Member of Goa Legislative Assembly
- In office 1989–1994
- Preceded by: constituency established
- Succeeded by: Narahari Haldankar
- Constituency: Valpoi
- Majority: 5,436 (54.91%)

Councillor of Valpoi Municipality
- In office 15 October 1989 – unknown

Personal details
- Born: Balkrishna Ashok Prabhu 13 June 1942 (age 83) Valpoi, Goa, Portuguese India
- Party: Independent (1999–present)
- Other political affiliations: Indian National Congress (1989–1994)
- Spouse: Suchita Prabhu
- Children: 1
- Education: Segundo Gravo; Secondary School Certificate; Diploma in business correspondence;
- Occupation: Politician
- Profession: Agriculturist
- Committees: Library; Petitions; Public Accounts;
- Nickname: Ashok Jairam

= Balkrishna Prabhu =

Indian politician and agriculturist (born 1942)

Balkrishna Ashok Prabhu (born 13 June 1942), also known as Ashok Jairam, is an Indian politician and agriculturist from Goa. He is a former member of the Goa Legislative Assembly, representing the Valpoi Assembly constituency from 1989 to 1994.

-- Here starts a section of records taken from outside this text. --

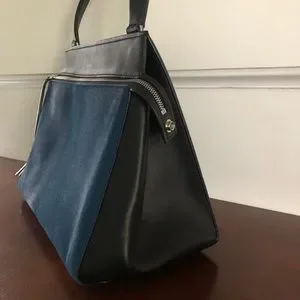 AUTHENTIC CELINE RARE NWT Medium Edge Satchel Blue Ponyhair & Black Leather
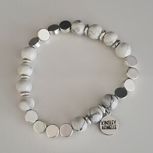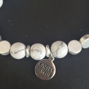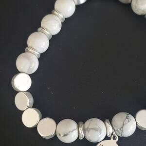 Kinsley Armelle Howlite (beads that are white with natural gray markings) stretch bracelet has silver tone accents. Very good condition
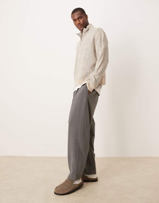 ASOS DESIGN - Nette oversized toelopende broek met dubbele plooi in grijs
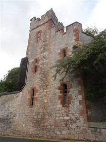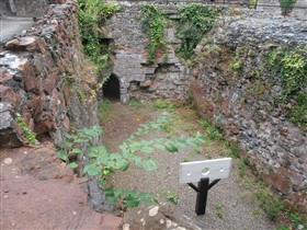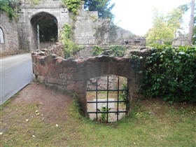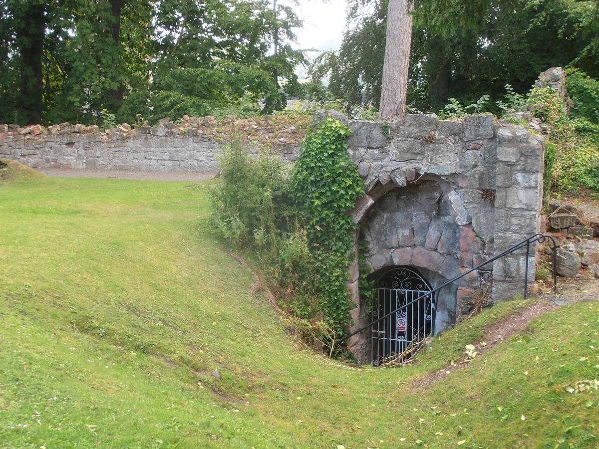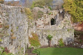 The gatehouse to the E consists of 2 projecting D-shaped towers, that to the E surviving to 1 storey, with a pointed-arched doorway to the straight rear wall. The W tower survives up to 2 storeys high, with 2 denuded Tudor-ached openings to the front. Its E side, and the central entrance have been gothicised: The gateway has a wide Tudor arch of stone voussoirs, containing double cast iron gates with scrollwork, flanked by miniature turrets with pierced quatrefoil decoration, over which are crenellated parapets. The flanking walls step down to L and R, behind which a walkway leads over the gateway, reached by stone steps. At right-angles to L, the E wall of the adjoining tower contains a doorcase with 2 octagonal shafts with capitals, supporting a stone cornice, inside which is an arched boarded door; this is flanked by pointed-arched windows, that to R with a diamond grille, boarded behind. The internal side of this wall forms part of a staggered passageway with gothic detail, including decorative cobbled flooring, which leads from the hotel to the gateway steps. Underneath the medieval towers are a series of chambers, probably including prison cells: these are reached by stone staircases, the vaulted roofs supported by chamfered Tudor-arched transverse ribs. Two chambers survive at ground level on the N side of the entrance towers. The curtain wall running W from the gatehouse joins Ruthin Castle Hotel, its face surviving to the lower parts. It has a small doorway, with Tudor-arched head of stone voussoirs, now infilled. To the NE of the gatehouse, a narrow pointed doorway set at an angle leads to a further section of curtain wall. The NE tower is located at the pointed end of the upper bailey, and survives to a low level; a narrow pointed-arched doorway leads into it. Running towards the W, the curtain wall is better preserved and contains angled slits, including red sandstone blocks with angled oval openings. Turning towards the SW, the high curtain wall has 3 round towers along its length. The NE tower survives about 1m above ground level and contains the base of a winding staircase. The hall is located between the NE and central towers, a large rectangular building with high wall to NW, and low wall to SE. The end walls are not well-preserved, but there is a narrow Tudor-arched doorway to N corner. Between the NW wall and curtain wall was a narrow corridor, possibly containing service areas. It has tall round-arched doorways with red sandstone dressings to each end, and pointed-arched window openings to the curtain wall. However, the NW wall of the hall was gothicised, with crenellated parapets and stepped buttresses to the inner (hall) side. The corridor appears to have been re-used as a garden structure, possibly a hot-house. It had 2 fireplaces with stone lintels to the inner wall, now infilled with brick, recessed arches to both sides, and evidence for a lean-to roof. To the SW, the wall of the central tower stands c1.2m high and has recesses for 4 window openings. Adjacent to this is a probable wheel-pit, with leat in N corner which could have provided water for an overshot wheel. This structure could have been associated with the castle entrance, a mill within the castle, or a C19 garden feature. Beyond the central tower is the lower bailey, the ground level falling sharply, and with spiral and straight stairs leading down. At the bottom, the curtain wall contains a low postern gate (visible from outside), and a gateway to its SW, a wide archway of stone voussoirs, with grooves for a portcullis; there is evidence for a tower structure above this. The curtain wall was partly damaged during the Civil War. The SW tower was rebuilt in red sandstone in the mid C19, and forms part of the formal gardens of Ruthin Castle Hotel. A wall runs SE from the tower and then terminates. (Listed Building Report)
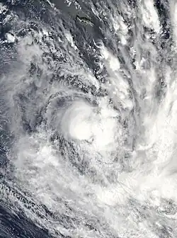 On 6 December, the BoM predicted that a tropical low could form near the Solomon Sea.[36] Two days later, the tropical low formed, resulting in the BoM designating it as 07U,[37][3] while the JTWC issued a TCFA on the system.[38] The system's deep convection became more organized overnight on 10 December, and began to strengthen, with gale-force winds being reported on 11 December.[3] Late on the same day, the JTWC upgraded the system into a tropical storm.[39] By the next day, it was upgraded to a Category 1 tropical cyclone on the Australian scale, resulting in the BoM naming it Ruby. Twelve hours later, the BoM would upgrade Ruby into a Category 2 cyclone,[3] while the JTWC upgraded the system into a category 1-equivalent tropical cyclone.[40] By 13 December, Ruby reached its peak intensity,[3] before entering the South Pacific basin.[41]
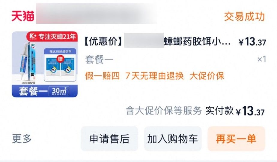 因此,事主從內地網購平台「淘寶」購買一款「殺蟑膠餌」,價錢只需13.37人民幣(約15港元),形容「上年用咗3分1,噚日又用咗啲,今日大大小小執咗4、5隻,應該可以用埋出年,買呢啲得㗎啦」。
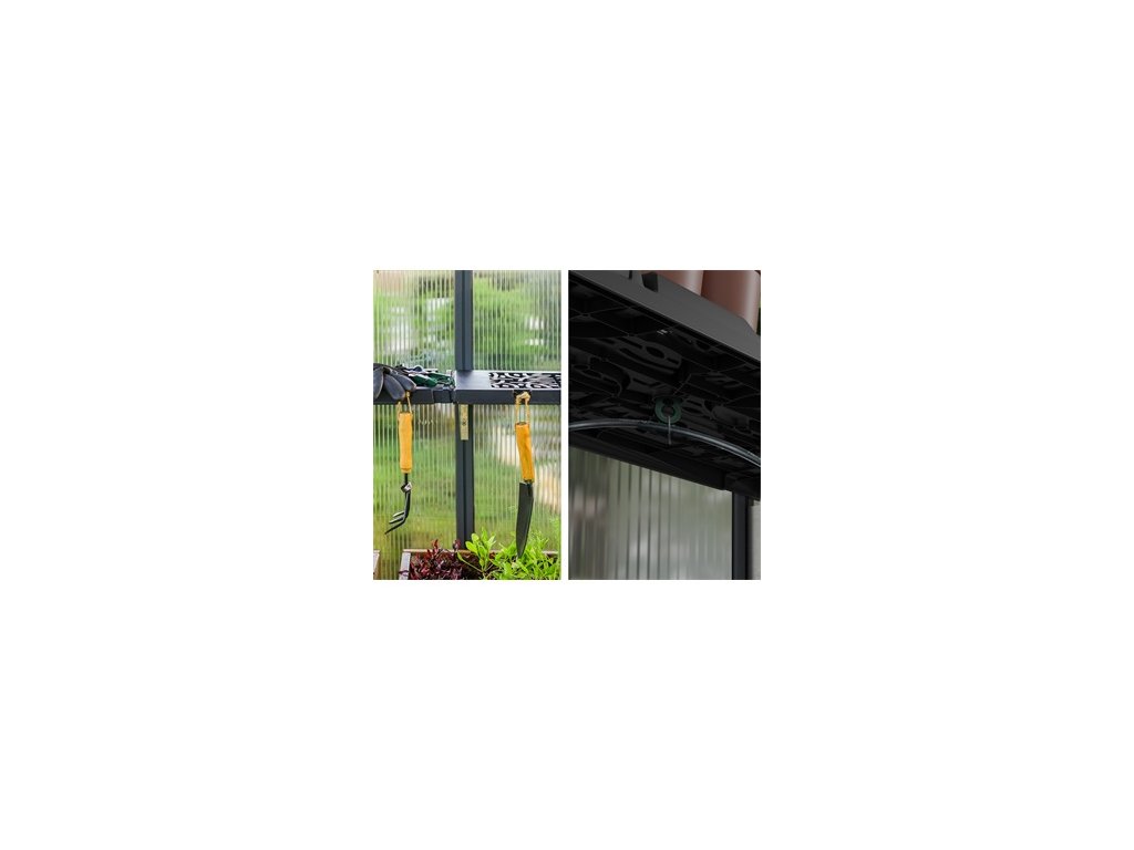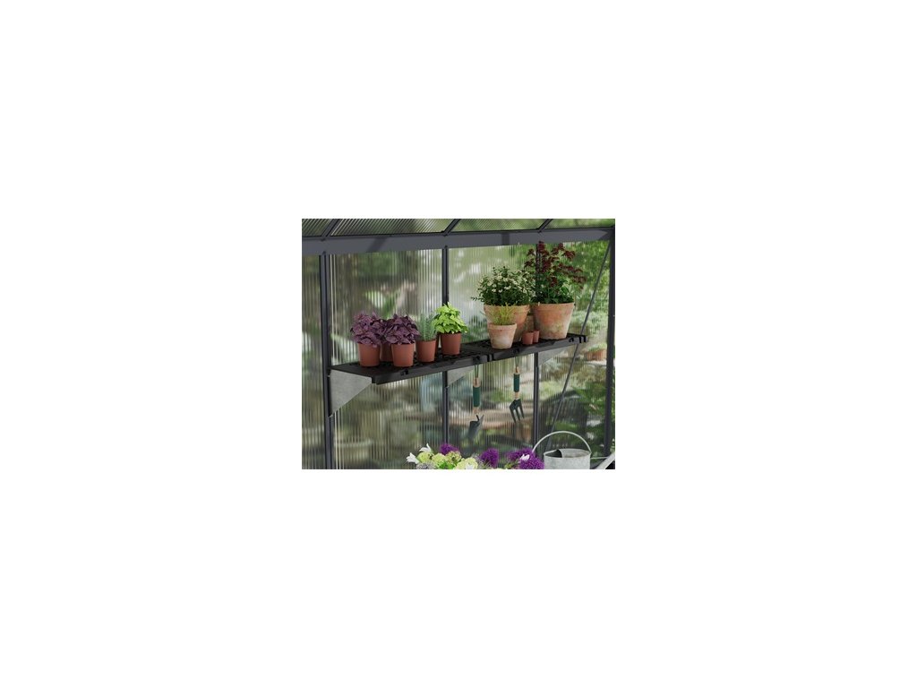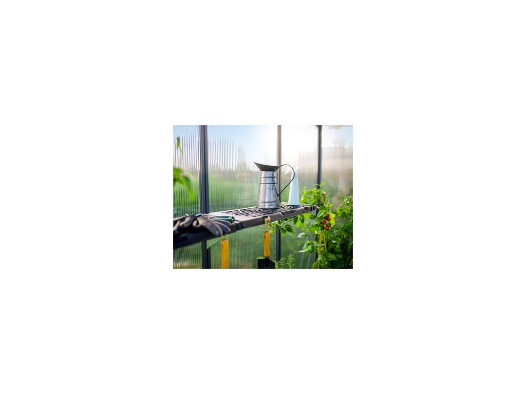 Univerzální police – set 2 ksSet polic se skládá ze 2 kusů. Každá má rozměr 62,5 x 26 cm a nosnost 20 kg. Police jsou ideální způsob, jak zlepšit organizaci ve svém skleníku, zvětšit užitný prostor a omezit námahu při pravidelné péči o rostliny v květináči. Systém uchycení poliček je velmi jednoduchý a využívá drážky, které jsou zevnitř na rámu skleníků Palram. Můžete si tedy vybrat, kam chcete poličky umístit a rovněž i to, zda vytvoříte jednu dlouhou nebo police umístíte každou zvlášť. Police mohou být v závislosti na vašich potřebách během sezóny kdykoliv jednoduše přemístěny na jiné místo skleníku. Balení obsahuje vše potřebné - 2 police, podpěry a spojovací materiál.
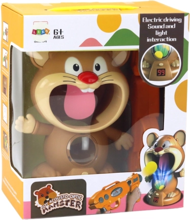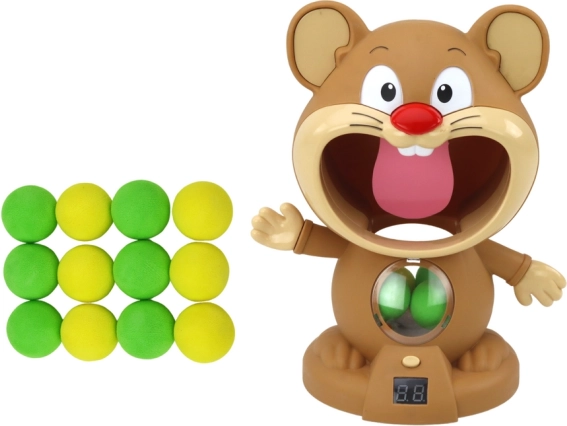 Convierte el tiempo libre en diversión llena de acción para toda la familia. El objetivo es acertar con las bolas suaves en la boquita del hámster: cada impacto preciso se confirma con un sonido y la puntuación aparece en la pantalla LCD integrada. Activa el modo móvil y deja que el hámster se desplace por la superficie: acertar al objetivo será más difícil, pero también mucho más divertido.
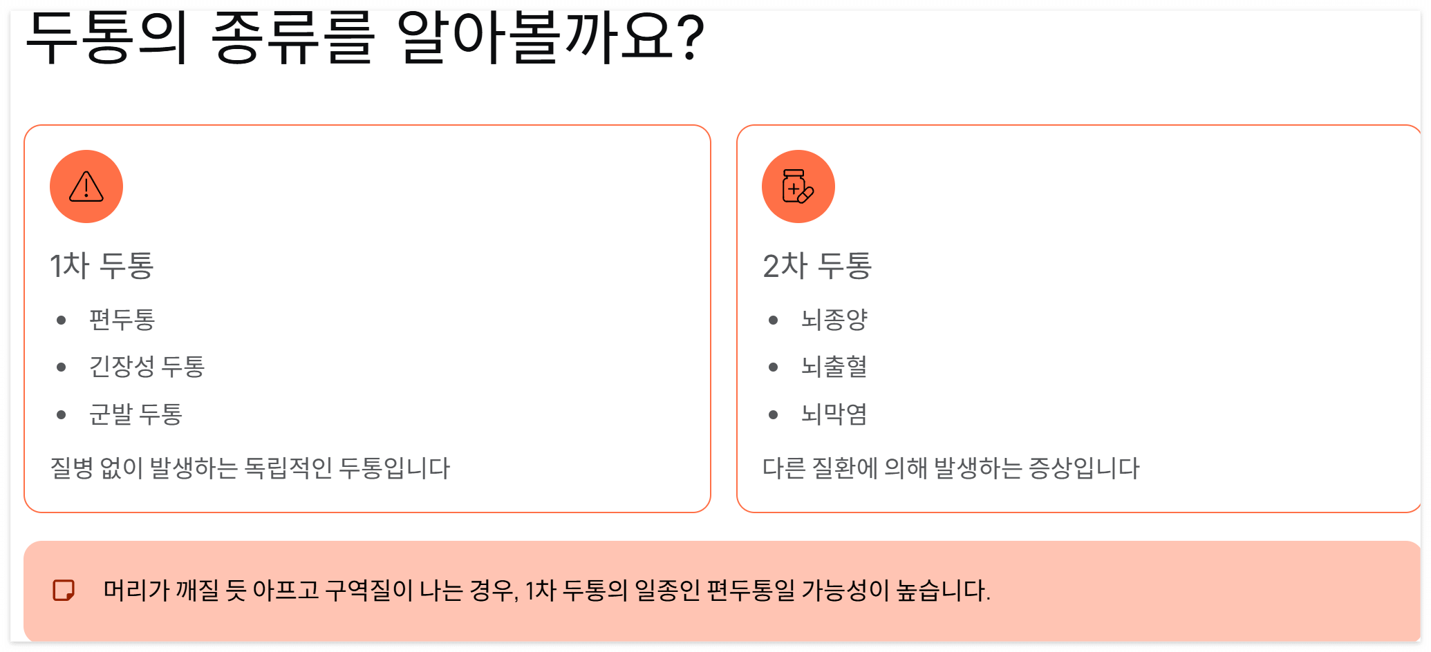 • 긴장성 두통: 머리 전체가 조이는 듯한 통증, 스트레스로 악화
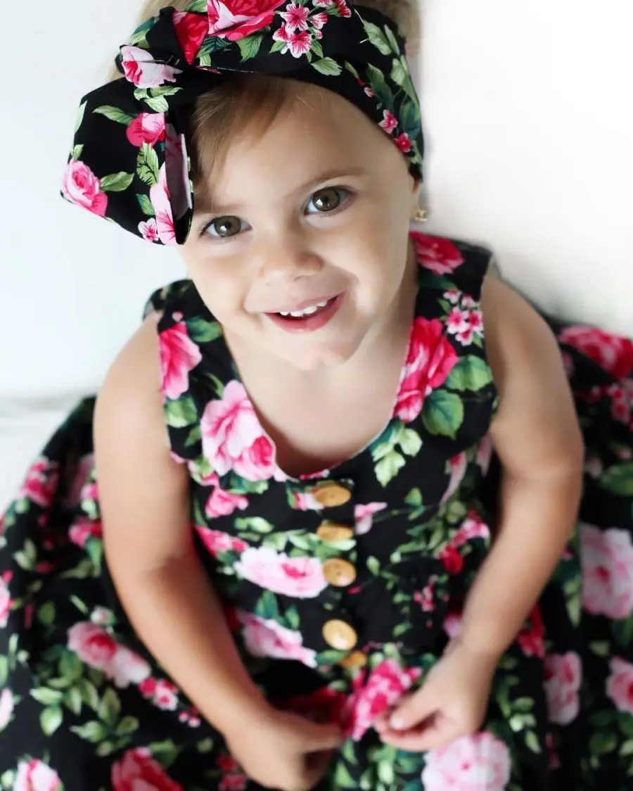 Милый сарафан с цветочным принтом для маленьких девочек, летнее платье + повязка на голову, размер одежды 25 шт.

==Early and personal life==
Balkrishna Ashok Prabhu was born at Valpoi in Sattari (taluka) (sub-district). He completed his primary studies in (Segundo Gravo) and further completed his schooling with a Secondary School Certificate. He also has a diploma in business correspondence. He is married to Suchita Prabhu, the couple has a son, Vishvesh Prabhu, a businessperson who had unsuccessfully contested the 2022 Goa Legislative Assembly election from the Valpoi Assembly constituency.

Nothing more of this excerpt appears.